Il y a d’abord eu Non-film en 2001, moyen-métrage où Dupieux annonçait ses intentions. Puis surtout Steak, avec le tandem Eric & Ramzy, comédie novatrice très mal accueillie mais continuant d’être discutée. Ensuite avec Rubber, Dupieux a voulu faire une espèce de méta-film : ça n’a pas marché. Il a beaucoup fait parler en raison de son incongruité déclarée et du pari fou promis par le pitsch, mais depuis un fossé s’est creusé. À tous points de vue : ses deux films suivants, Wrong et Wrong Cops, attirent un public plus étroit tout en arrivant comme des consécrations.
Maintenant Dupieux fait rimer ses univers absurdes avec un talent sidérant, quelque soit la « paresse » dont il se targue. Il ne cherche plus à les justifier par des mises en abyme ou des analyses ironiques comme dans Rubber, tout en ayant passé le cap du brouillon, certes avec sa part de génie, propre à Steak. Maintenant, l’auteur opère un contrôle serré sur son système, tout en validant son irréalité, sans la souligner, ce qui est du plus bel effet : comme ses personnages il évolue dans un monde tout à fait naturel. Nous sommes plongés dans une aberrante normalité, sans fausse distance faisant guise de commentaire.
En 2012 Wrong est une réussite mais incomplète, encore un peu otage de la torpeur de son univers insolite. La même année, Dupieux présente un nouveau court, Wrong Cops, chapter 1 : Monday. Au lieu de réaliser les six opus manquants d’une hypothétique collection, il opte pour le long-métrage ; cela donne Wrong Cops en 2014, intégrant le court avec ses seize premières minutes. Le résultat est déconcertant et hilarant. On se balade dans une réalité parallèle a-priori aux portes de l’enfer, caractérisée par une absence d’illusions totale.
Le monde des Wrong Cops est un territoire où le nihilisme a gagné depuis longtemps : il est tellement installé qu’il n’y a plus ni rêves ni cauchemars. Par conséquent, il n’y a de déraillements : ce monde est déraillé. Alors Dupieux le filme avec le sérieux absolu qui lui convient, dépassant la prise de conscience de la farce pour l’accepter comme un illuminé stoïque et décontracté. Il n’y a pas de sincérité, il s’agit de vérité totale : tout est normal et limpide, un ‘premier degré’ sans contenu a été intronisé par la Nature et il a tout enveloppé.

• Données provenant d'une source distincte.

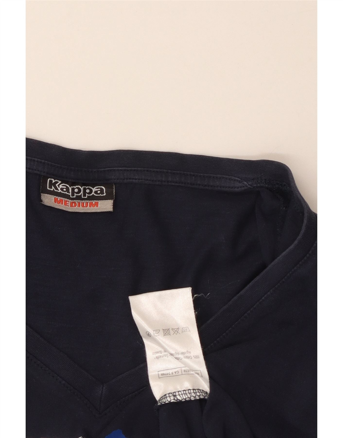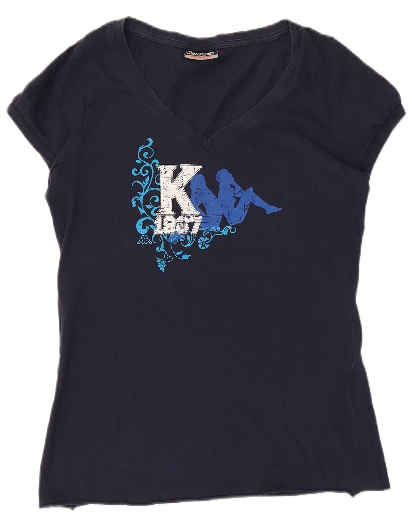 KAPPA Womens Graphic T-Shirt Top UK 12 Medium Navy Blue Cotton

Lorsque l’officier Rough présente son morceau à son producteur, celui-ci croit faire face à une espèce de troll tout à fait lucide, ce qui serait dans un monde si absurde la seule possibilité façon d’exister avec distance. Mais ces gens sont WTF et grotesques par nature : il n’y a aucune sophistication, pas de déguisement de leur part, que ce soit physiquement ou dans l’esprit. Pour autant il n’y a pas d’ennemi manifeste, c’est la réalité qui est dingue : alors on suit le flux de la normalité, éventuellement comme un cinglé individualiste, ou bien on est morose et perplexe comme Judor ou Manson.
Il y a des manques tout de même, une gaucherie que n’avait pas Wrong : ainsi, cette intervention impromptue d’une tétraplégique dont le seul intérêt sera de lâcher une vanne sur l’infirmité. Cependant le film ne s’enlise jamais et regorge de moments très drôles : à l’hôtel avec Michael, le partage du morceau de Judor, l’enterrement où Sam Neill fait son apparition. Les personnages frôlent tous la perfection, les gimmicks sont excellentes, y compris cette musique « de porcs ». Wrong Cops laisse une abondance de ces petits éléments et ces punchline donnant envie d’y revenir, ce qui manquait justement à Wrong.
Enfin Dupieux réunit un casting brillant, avec à nouveau son ami Eric Judor, mais aussi Marilyn Manson en espèce d’ado dépressif et plusieurs comédiens humoristes américains aux registres relativement insolites. Ce Wrong Cops inspire de grands espoirs pour la suite, même si le casting du projet sur lequel Dupieux enchaîne directement (Reality pour 2015) semble inadéquat.